I am a novice at this , so all help is much appreciated !
<Mmm, please read here:
http://wetwebmedia.com/formalinart.htm
and here:
http://wetwebmedia.com/brooklynellosisart.htm
and the principal linked files above. Bob Fenner>
Fish with Brooklynella, other protozoan 11/12/06
Hi,
Can someone help us out. We have a 180 gallon tank with live rock and sps coral.

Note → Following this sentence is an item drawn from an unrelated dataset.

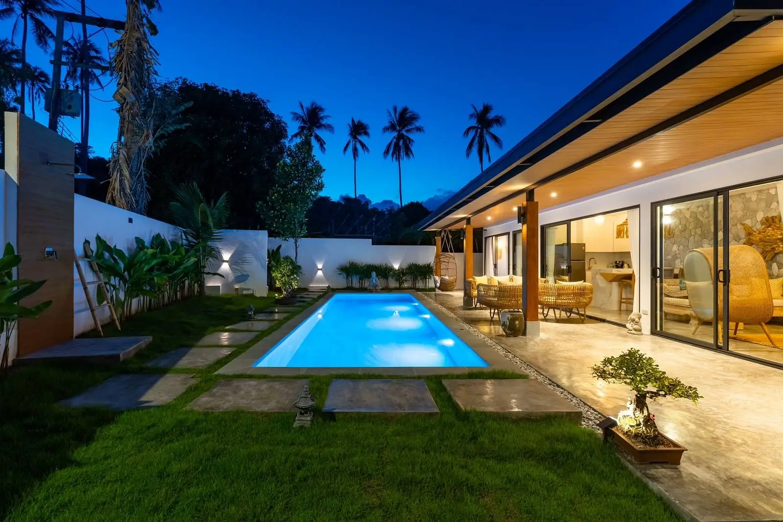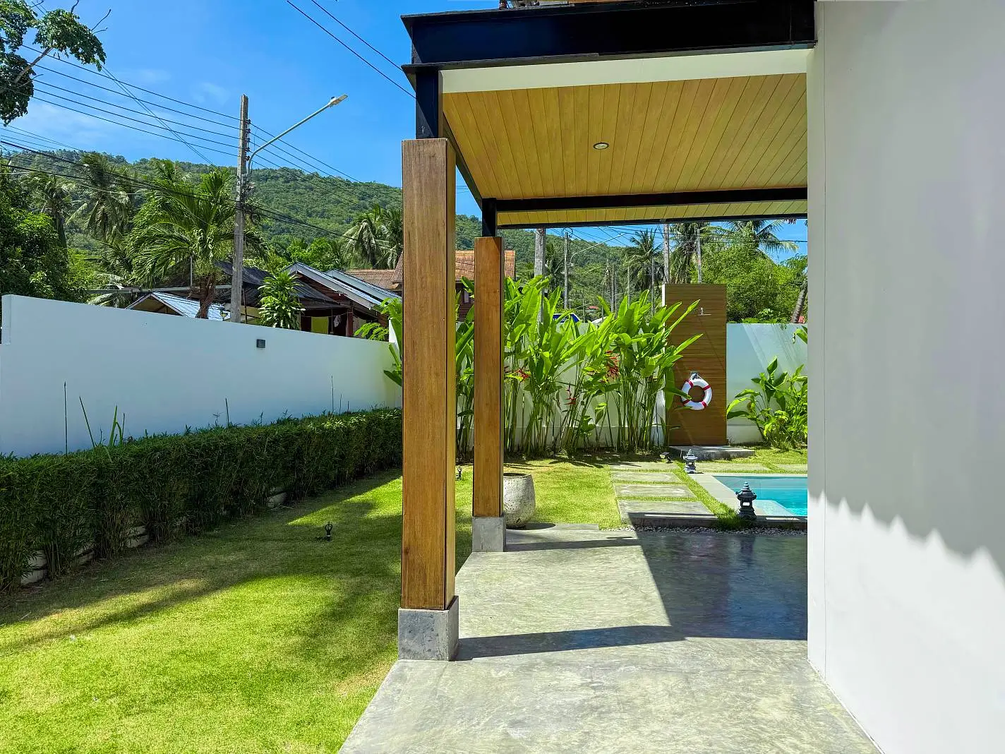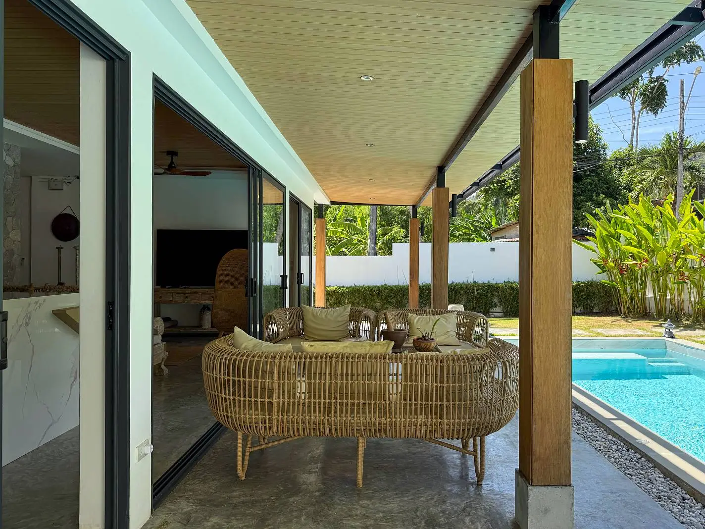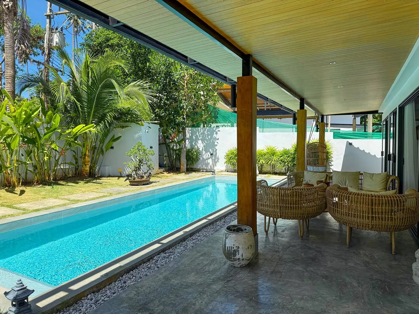 This beautifully renovated 2-bedroom garden pool villa offers beachside living within an established villa community in the charming Bang Por area. Just a 250-meter walk brings you to the beach and coastal road lined with local beachfront restaurants and cafés. The beach itself is sandy, swimmable year-round, and ideal for long scenic walks.

We seem to be having a problem with Brooklynella. We lost a hog fish, Nemo,
copper band, and about to lose more.
<This is likely another protozoan here...>
We are currently setting up a quarantine tank and will be trying to remove the
fish. We will treat with a Formalin dip. Please let us know how many times this
must be done or is it a one time dip. Please let me know how much to use also.
Thanks,
Cindy
<Mmm, three times... moving the livestock into all new water/non-infested system
after... one ounce of stock (37% solution) to a gallon of water (matched pH,
temperature...). Bob Fenner>
Imperator Angel Regurgitating Food After Ich <treatment> Episode
5/8/06
Hello,
<Hi there>
Thank you for the wonderful website. It is truly my reference of
choice.
My 150 gallon FOWLR had been running for over a year with no problems or disease
outbreaks until a water/electric event occurred that tripped the breaker for
several hours while I was at work. The tank dropped to 70-degrees by the time I
got home. I lost a yellow tang three days later and my large Imperator Angel
became infested with Ich.
<... the crypt must have been present...>
I treated in QT with
freshwater dips, UV sterilization, and Formalin followed by CopperSafe for ten
days. He refused to eat while in QT.
<Happens>
I returned him to the display tank and he has generally been free of visible
Ich for about ten days now.
However, he does not express outward interest in food. I have to introduce food
to him with a feeding stick. He will generally go for it when it's near his
mouth. However, when he takes it, he seems to "chew" on it for quite some
time. After he swallows it, his breathing becomes very rapid for the next few
minutes. Eventually, he struggles a bit and shoots the food out of his
mouth. Any thoughts on what is happening here?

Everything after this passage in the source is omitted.